- **What you should do**
When you copy the data that follows, reproduce every word exactly and leave out the images.

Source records
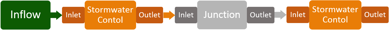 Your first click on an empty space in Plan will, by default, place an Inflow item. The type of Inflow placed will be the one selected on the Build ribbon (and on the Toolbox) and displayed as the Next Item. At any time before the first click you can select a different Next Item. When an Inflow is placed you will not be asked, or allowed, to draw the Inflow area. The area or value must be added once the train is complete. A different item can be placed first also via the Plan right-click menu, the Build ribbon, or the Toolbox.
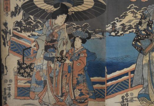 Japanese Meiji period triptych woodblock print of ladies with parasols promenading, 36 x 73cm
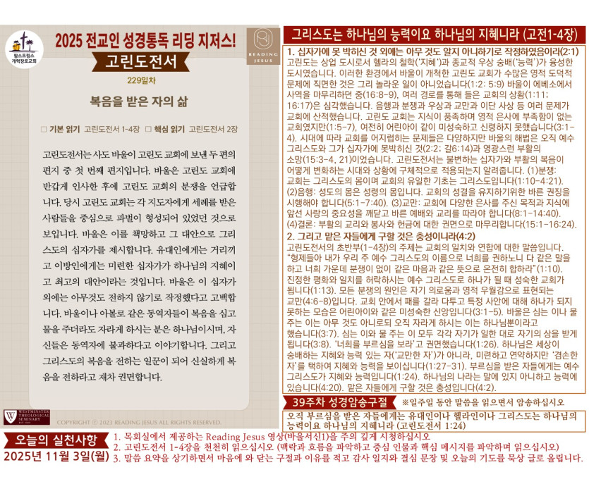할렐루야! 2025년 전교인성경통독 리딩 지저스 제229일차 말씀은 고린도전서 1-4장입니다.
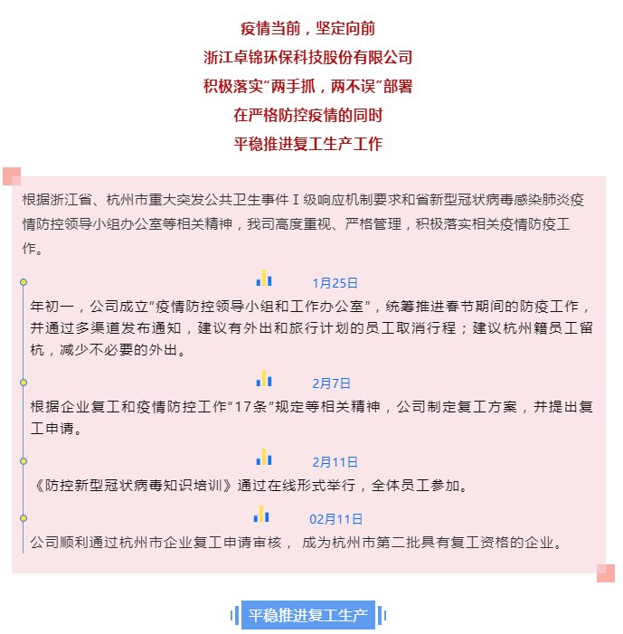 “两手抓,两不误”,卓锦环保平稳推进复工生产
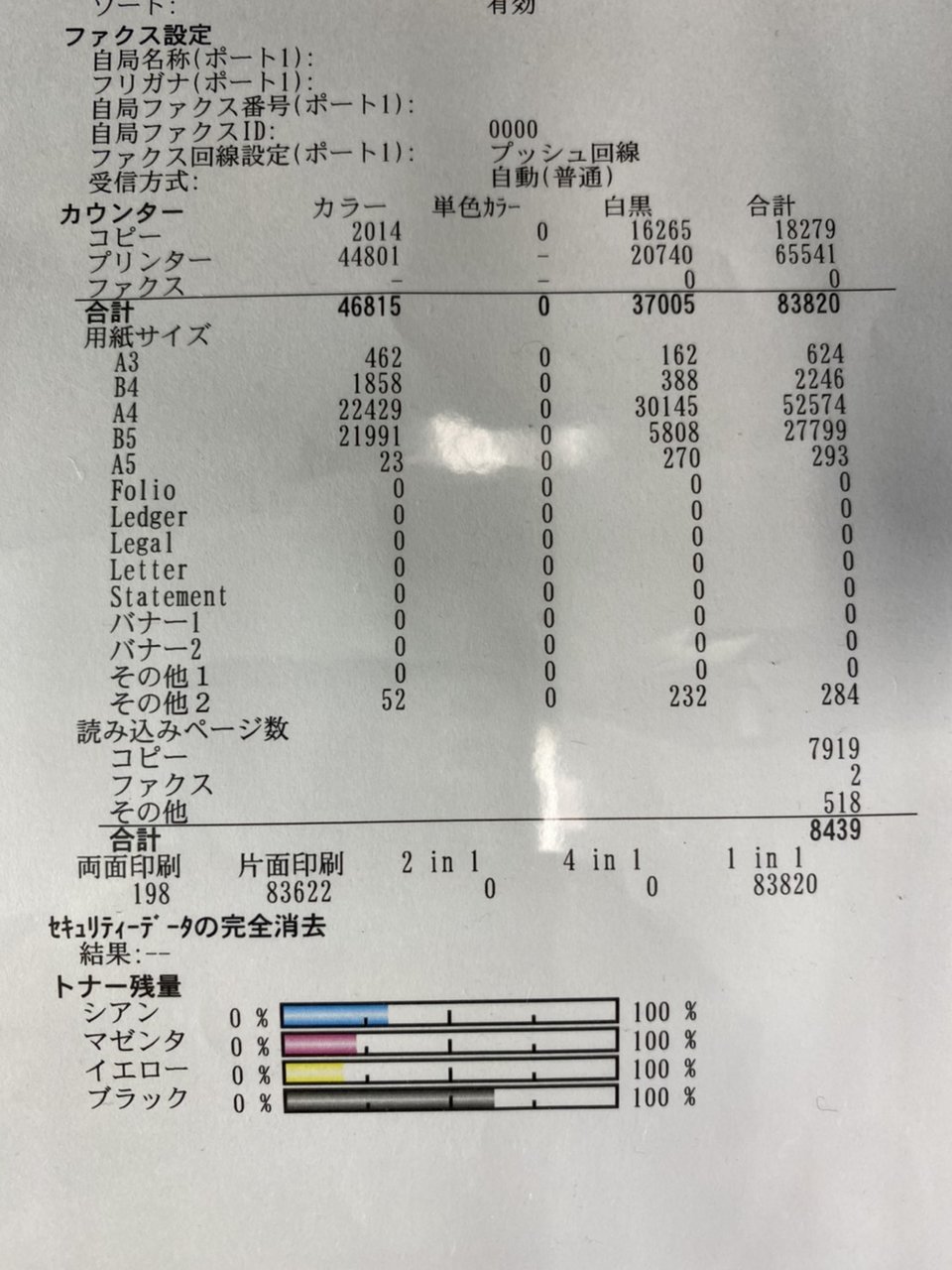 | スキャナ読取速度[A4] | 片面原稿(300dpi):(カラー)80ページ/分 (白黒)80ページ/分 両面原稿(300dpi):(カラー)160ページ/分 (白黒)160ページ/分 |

- **Response to the exercise**
 Your first click on an empty space in Plan will, by default, place an Inflow item. The type of Inflow placed will be the one selected on the Build ribbon (and on the Toolbox) and displayed as the Next Item. At any time before the first click you can select a different Next Item. When an Inflow is placed you will not be asked, or allowed, to draw the Inflow area. The area or value must be added once the train is complete. A different item can be placed first also via the Plan right-click menu, the Build ribbon, or the Toolbox.
 Japanese Meiji period triptych woodblock print of ladies with parasols promenading, 36 x 73cm
할렐루야! 2025년 전교인성경통독 리딩 지저스 제229일차 말씀은 고린도전서 1-4장입니다.
 “两手抓,两不误”,卓锦环保平稳推进复工生产
 | スキャナ読取速度[A4] | 片面原稿(300dpi):(カラー)80ページ/分 (白黒)80ページ/分 両面原稿(300dpi):(カラー)160ページ/分 (白黒)160ページ/分 |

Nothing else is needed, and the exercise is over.